Department of Biostatistics, University of Kentucky, Lexington, Kentucky, United States of America.
PLoS One. 2012;7(4):e34262. doi: 10.1371/journal.pone.0034262. Epub 2012 Apr 6.
Recently, structural variation in the genome has been implicated in many complex diseases. Using genomewide single nucleotide polymorphism (SNP) arrays, researchers are able to investigate the impact not only of SNP variation, but also of copy-number variants (CNVs) on the phenotype. The most common analytic approach involves estimating, at the level of the individual genome, the underlying number of copies present at each location. Once this is completed, tests are performed to determine the association between copy number state and phenotype. An alternative approach is to carry out association testing first, between phenotype and raw intensities from the SNP array at the level of the individual marker, and then aggregate neighboring test results to identify CNVs associated with the phenotype. Here, we explore the strengths and weaknesses of these two approaches using both simulations and real data from a pharmacogenomic study of the chemotherapeutic agent gemcitabine. Our results indicate that pooled marker-level testing is capable of offering a dramatic increase in power (> 12-fold) over CNV-level testing, particularly for small CNVs. However, CNV-level testing is superior when CNVs are large and rare; understanding these tradeoffs is an important consideration in conducting association studies of structural variation.

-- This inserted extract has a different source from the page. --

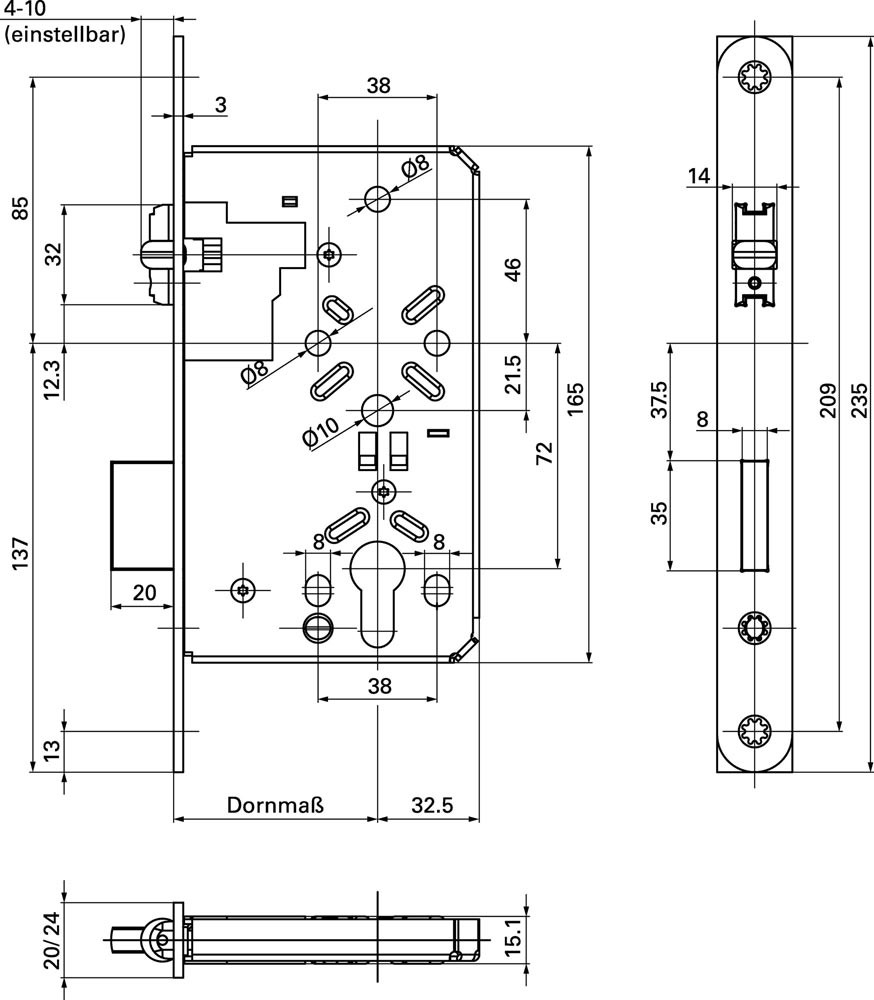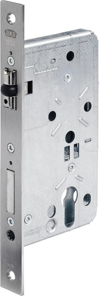 PZ Ausführung mit Rollfalle · allseitig geschlossener Schlosskasten · Stulplänge 235 mm · Dornmaß 55 mm · DIN links / rechts verwendbar · Rollfalle aus Zinkdruckguss mit Kunststoffrolle für besonders leises Schließen · Riegel 1-tourig 20 mm aus Zinkdruckguss · Entfernung 72 mm · ohne Schließblech

最近,基因组结构变异与许多复杂疾病有关。利用全基因组单核苷酸多态性 (SNP) 芯片,研究人员不仅能够研究 SNP 变异,还能够研究拷贝数变异 (CNV) 对表型的影响。最常见的分析方法包括在个体基因组水平上估计每个位置存在的拷贝数。完成此操作后,将进行测试以确定拷贝数状态与表型之间的关联。另一种方法是首先在个体标记水平上进行表型和 SNP 阵列原始强度之间的关联测试,然后聚合相邻的测试结果以识别与表型相关的 CNV。在这里,我们使用化疗药物吉西他滨的药物基因组学研究的模拟数据和真实数据来探索这两种方法的优缺点。我们的结果表明,与 CNV 水平测试相比,汇集标记水平测试能够显著提高功效(> 12 倍),特别是对于小的 CNV。然而,当 CNV 较大且罕见时,CNV 水平测试更具优势;了解这些权衡是进行结构变异关联研究的重要考虑因素。